• [Exercise objective] Could you repeat the entries below exactly, but only from the line with "L'évolution du nombre" through the line with "- Шпик порезать", and without any picture?

***** Data to process *****

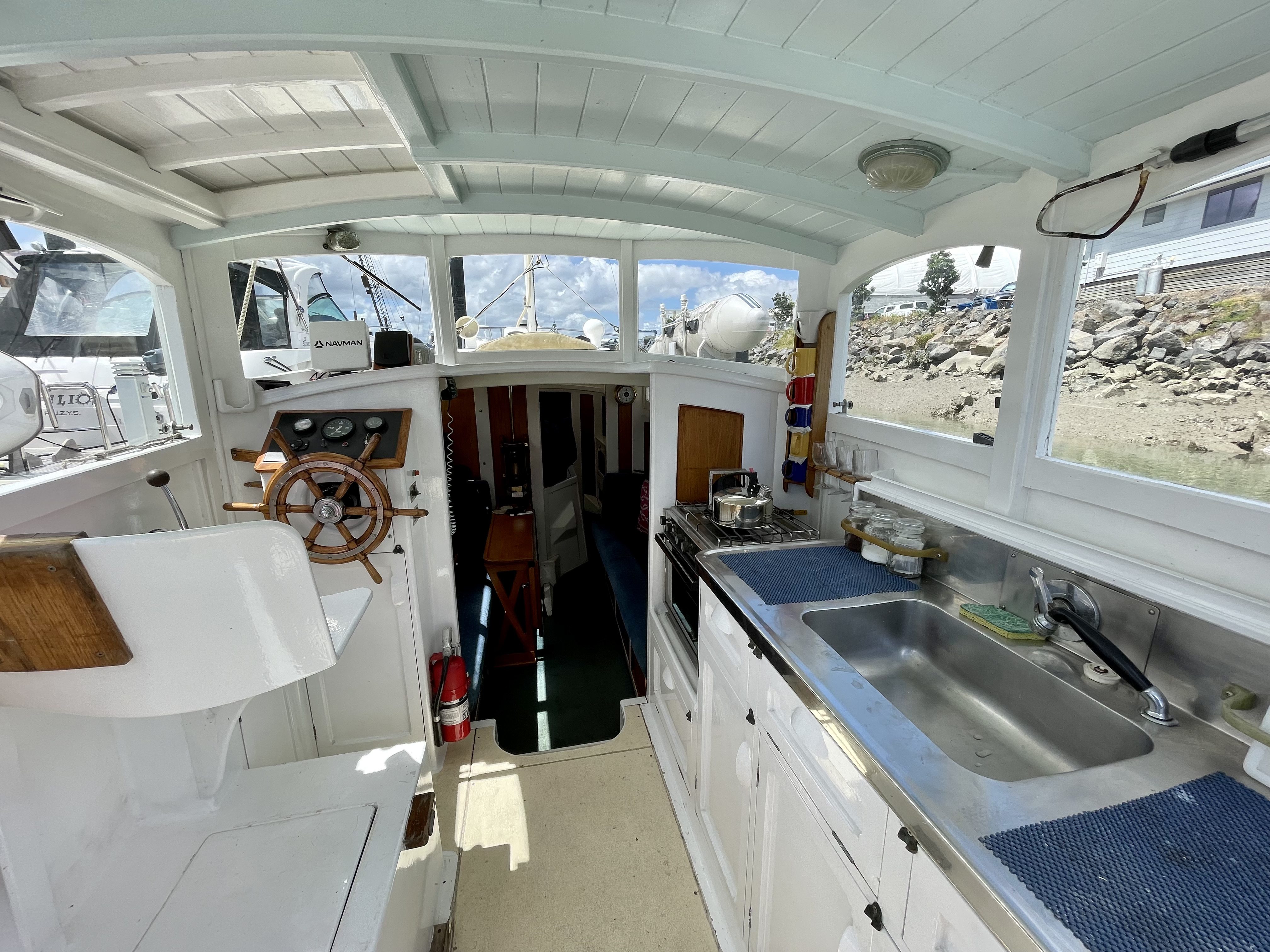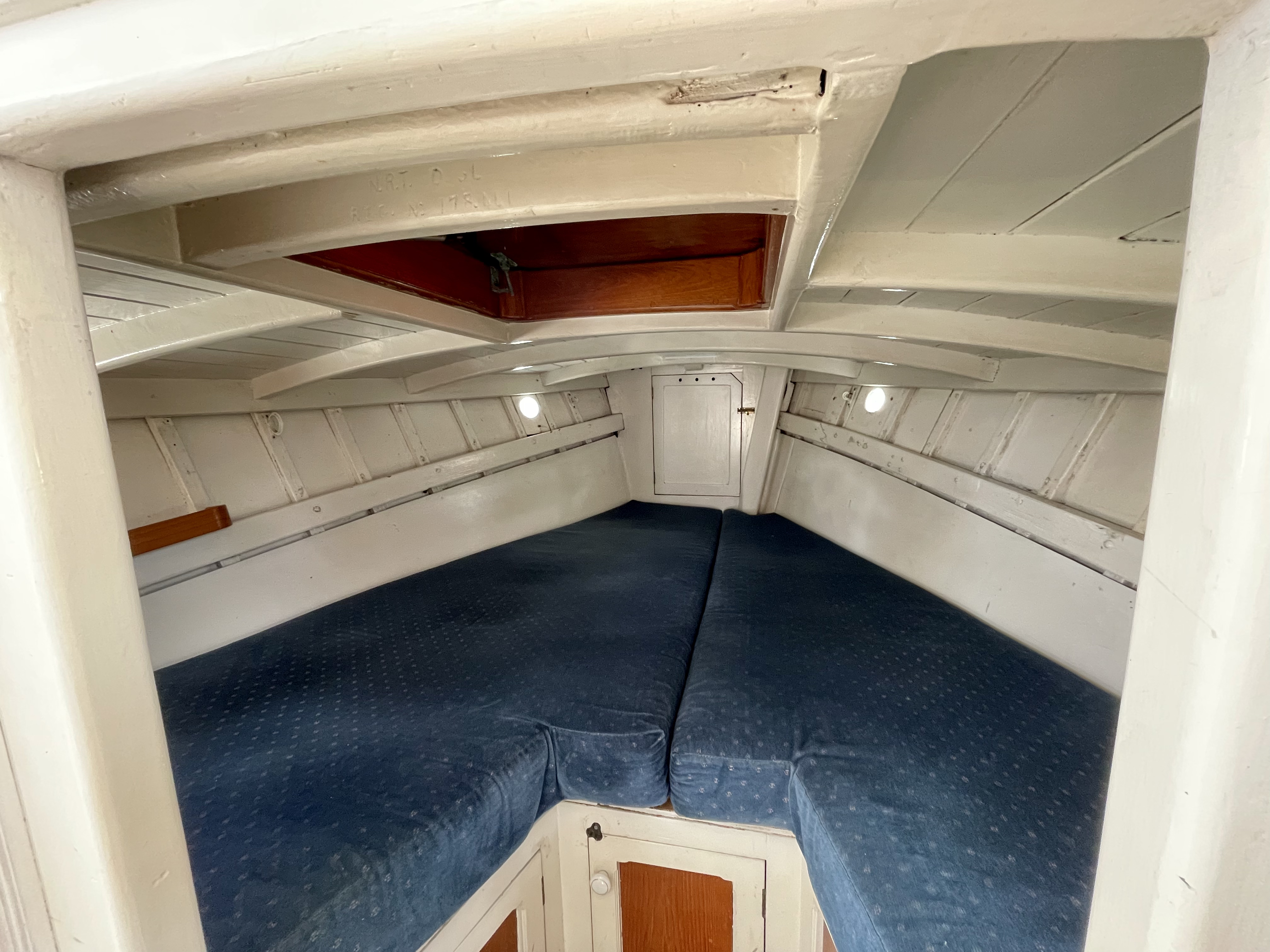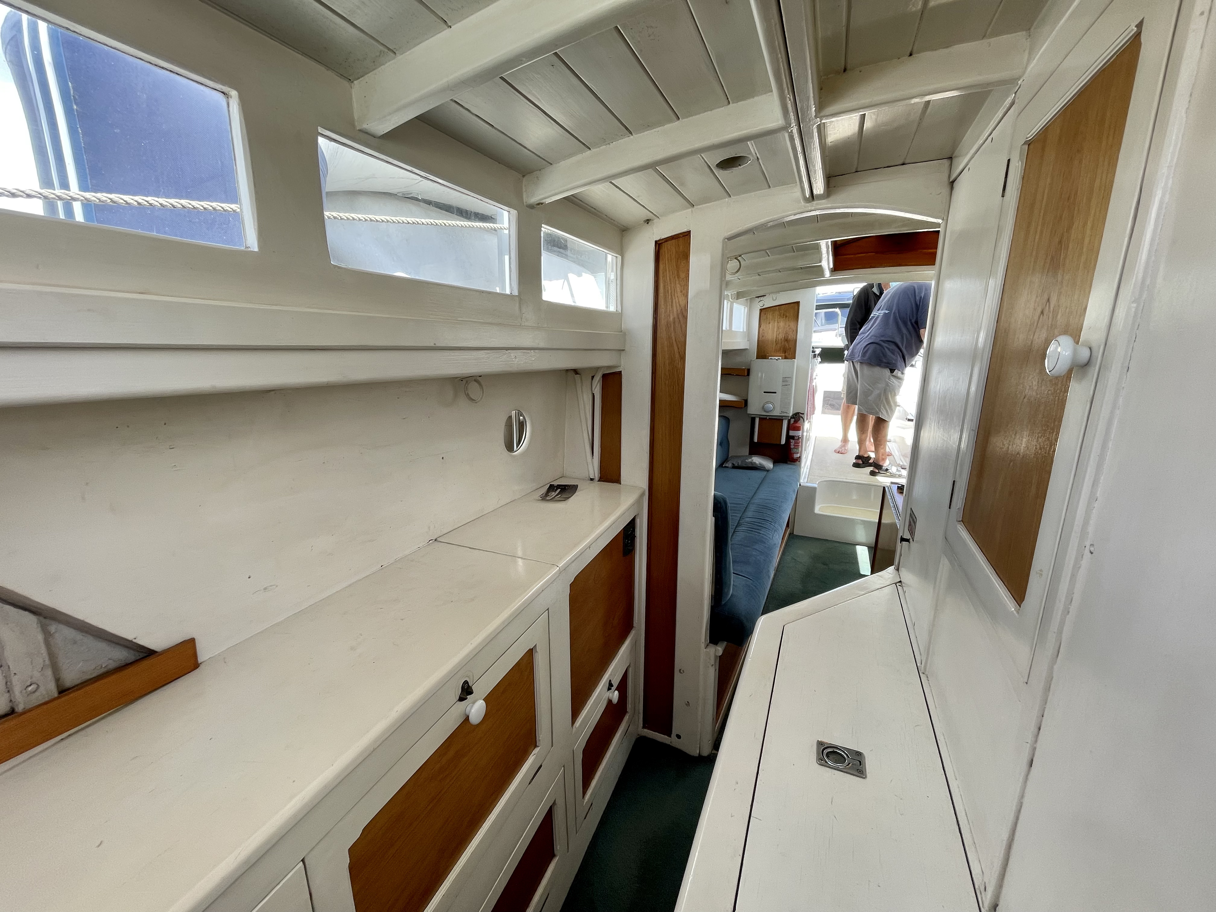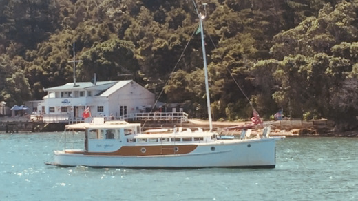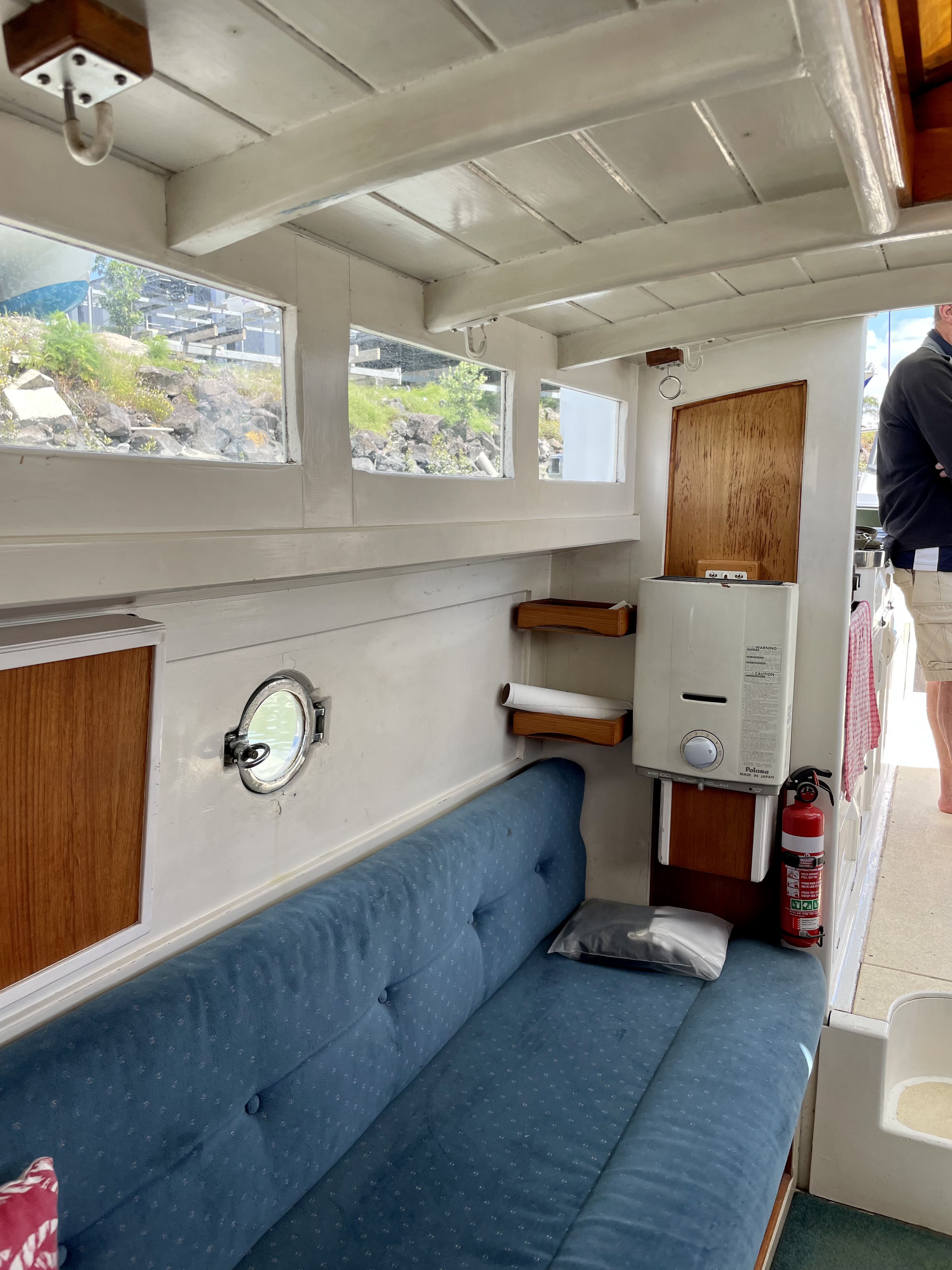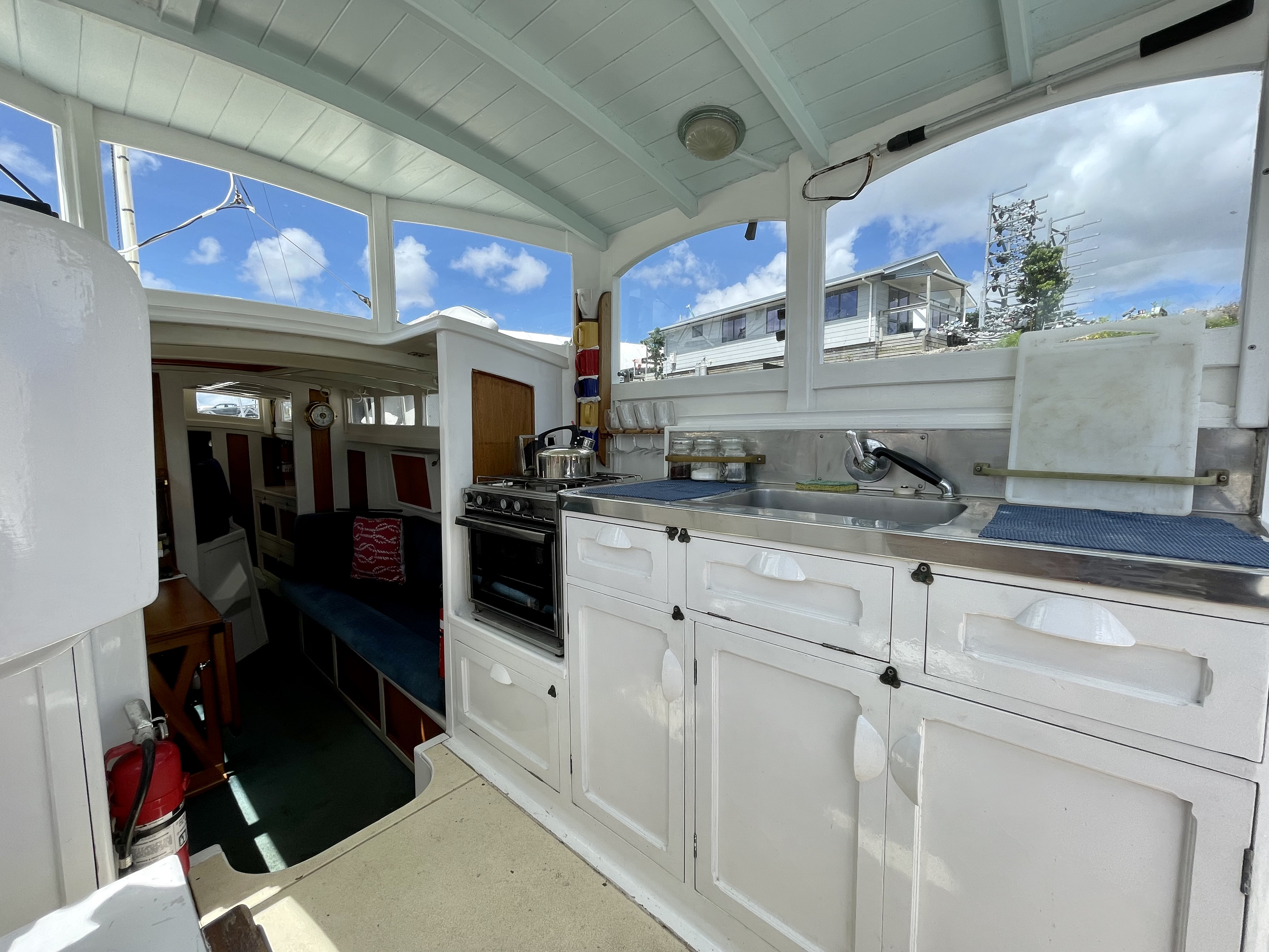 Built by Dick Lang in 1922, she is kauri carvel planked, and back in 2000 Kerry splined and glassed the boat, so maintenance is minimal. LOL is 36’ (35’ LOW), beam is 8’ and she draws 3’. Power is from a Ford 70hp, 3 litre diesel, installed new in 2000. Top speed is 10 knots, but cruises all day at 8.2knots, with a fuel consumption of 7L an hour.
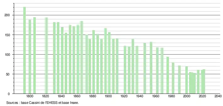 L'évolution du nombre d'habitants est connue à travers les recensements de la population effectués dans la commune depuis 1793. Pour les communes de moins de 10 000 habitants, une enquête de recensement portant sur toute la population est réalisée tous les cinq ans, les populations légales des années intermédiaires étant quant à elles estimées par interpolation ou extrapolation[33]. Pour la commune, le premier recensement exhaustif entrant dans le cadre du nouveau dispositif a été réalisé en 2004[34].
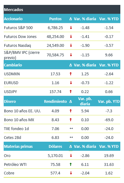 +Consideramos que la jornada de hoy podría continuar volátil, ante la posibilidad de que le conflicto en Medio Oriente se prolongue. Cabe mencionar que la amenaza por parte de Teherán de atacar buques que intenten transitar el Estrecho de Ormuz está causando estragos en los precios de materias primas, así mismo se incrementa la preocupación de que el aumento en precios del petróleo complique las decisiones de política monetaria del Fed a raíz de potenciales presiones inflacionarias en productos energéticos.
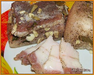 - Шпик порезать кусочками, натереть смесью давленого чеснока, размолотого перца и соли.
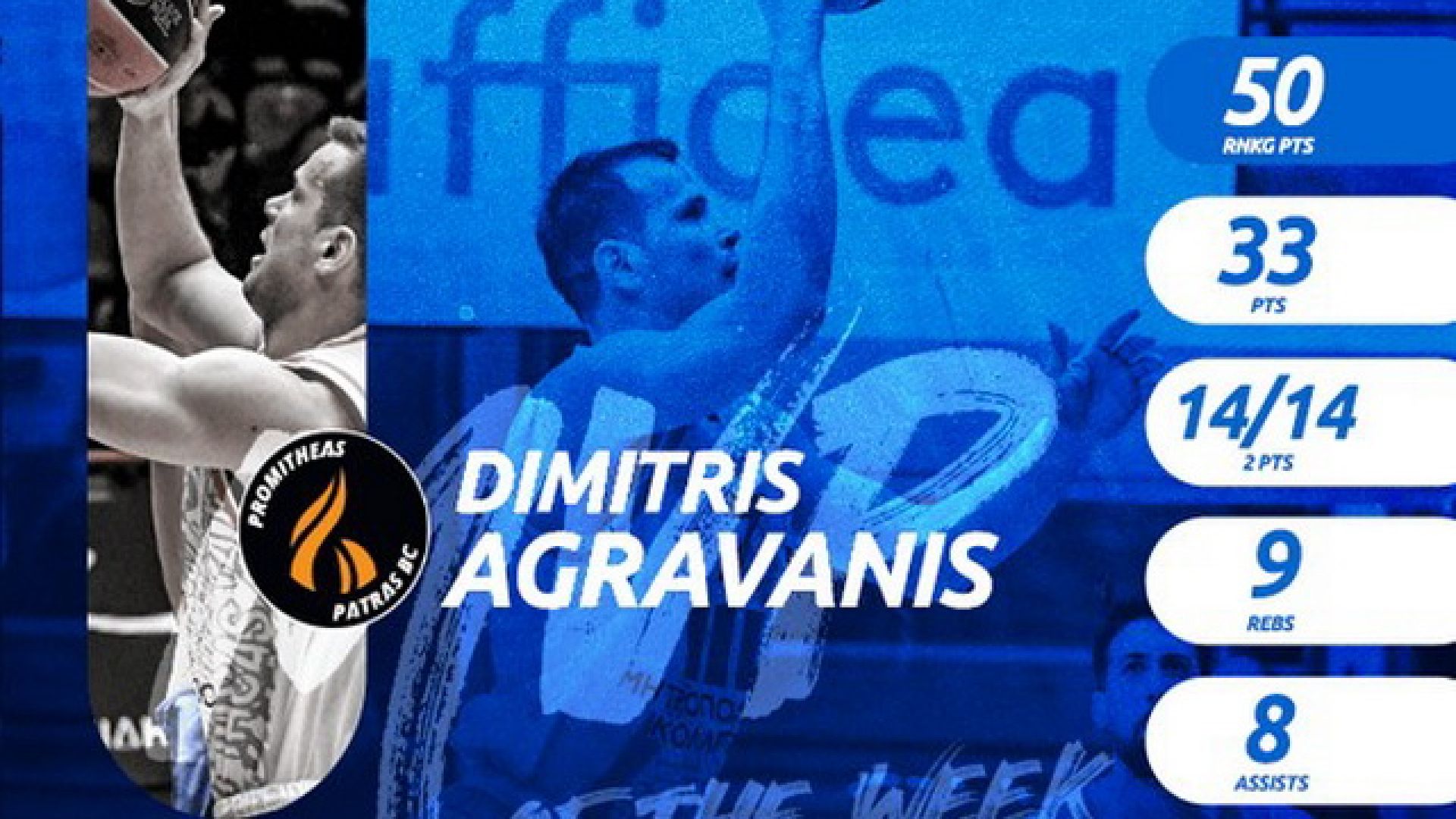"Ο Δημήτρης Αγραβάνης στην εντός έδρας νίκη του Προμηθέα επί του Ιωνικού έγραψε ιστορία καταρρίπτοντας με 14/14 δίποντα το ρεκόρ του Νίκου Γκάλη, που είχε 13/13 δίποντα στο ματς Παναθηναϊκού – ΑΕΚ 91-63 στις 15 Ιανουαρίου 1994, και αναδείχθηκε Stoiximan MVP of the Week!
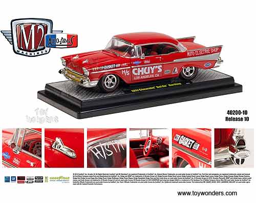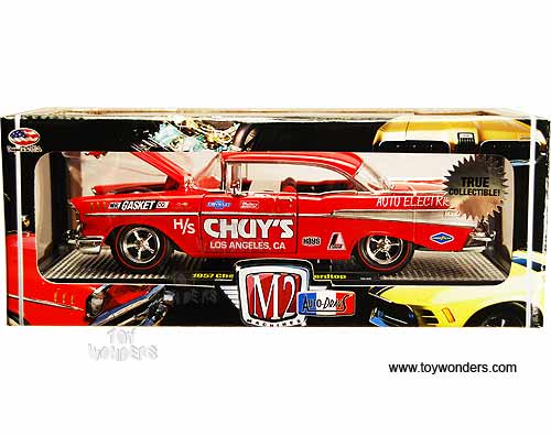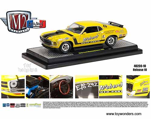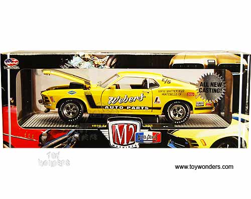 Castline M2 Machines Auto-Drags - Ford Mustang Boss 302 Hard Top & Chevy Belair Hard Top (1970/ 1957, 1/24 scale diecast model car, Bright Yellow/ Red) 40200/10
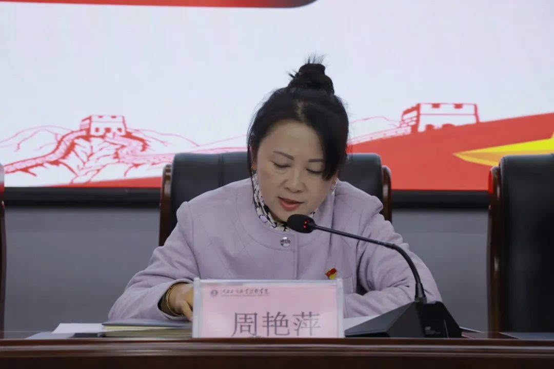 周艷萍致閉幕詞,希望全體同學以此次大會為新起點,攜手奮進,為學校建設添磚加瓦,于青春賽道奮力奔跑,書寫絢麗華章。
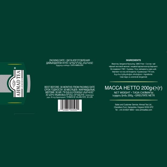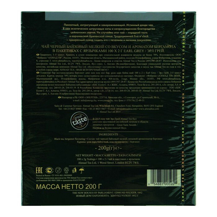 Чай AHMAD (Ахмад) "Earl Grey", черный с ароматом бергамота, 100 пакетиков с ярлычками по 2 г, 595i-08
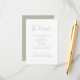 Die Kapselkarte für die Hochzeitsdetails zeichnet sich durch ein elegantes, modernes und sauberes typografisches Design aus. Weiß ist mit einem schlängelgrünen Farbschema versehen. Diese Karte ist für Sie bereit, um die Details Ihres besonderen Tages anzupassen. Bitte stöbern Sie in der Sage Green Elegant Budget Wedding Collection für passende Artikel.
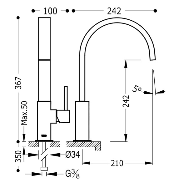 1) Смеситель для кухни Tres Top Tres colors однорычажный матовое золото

*****

• [Solution]
 L'évolution du nombre d'habitants est connue à travers les recensements de la population effectués dans la commune depuis 1793. Pour les communes de moins de 10 000 habitants, une enquête de recensement portant sur toute la population est réalisée tous les cinq ans, les populations légales des années intermédiaires étant quant à elles estimées par interpolation ou extrapolation[33]. Pour la commune, le premier recensement exhaustif entrant dans le cadre du nouveau dispositif a été réalisé en 2004[34].
 +Consideramos que la jornada de hoy podría continuar volátil, ante la posibilidad de que le conflicto en Medio Oriente se prolongue. Cabe mencionar que la amenaza por parte de Teherán de atacar buques que intenten transitar el Estrecho de Ormuz está causando estragos en los precios de materias primas, así mismo se incrementa la preocupación de que el aumento en precios del petróleo complique las decisiones de política monetaria del Fed a raíz de potenciales presiones inflacionarias en productos energéticos.
 - Шпик порезать кусочками, натереть смесью давленого чеснока, размолотого перца и соли.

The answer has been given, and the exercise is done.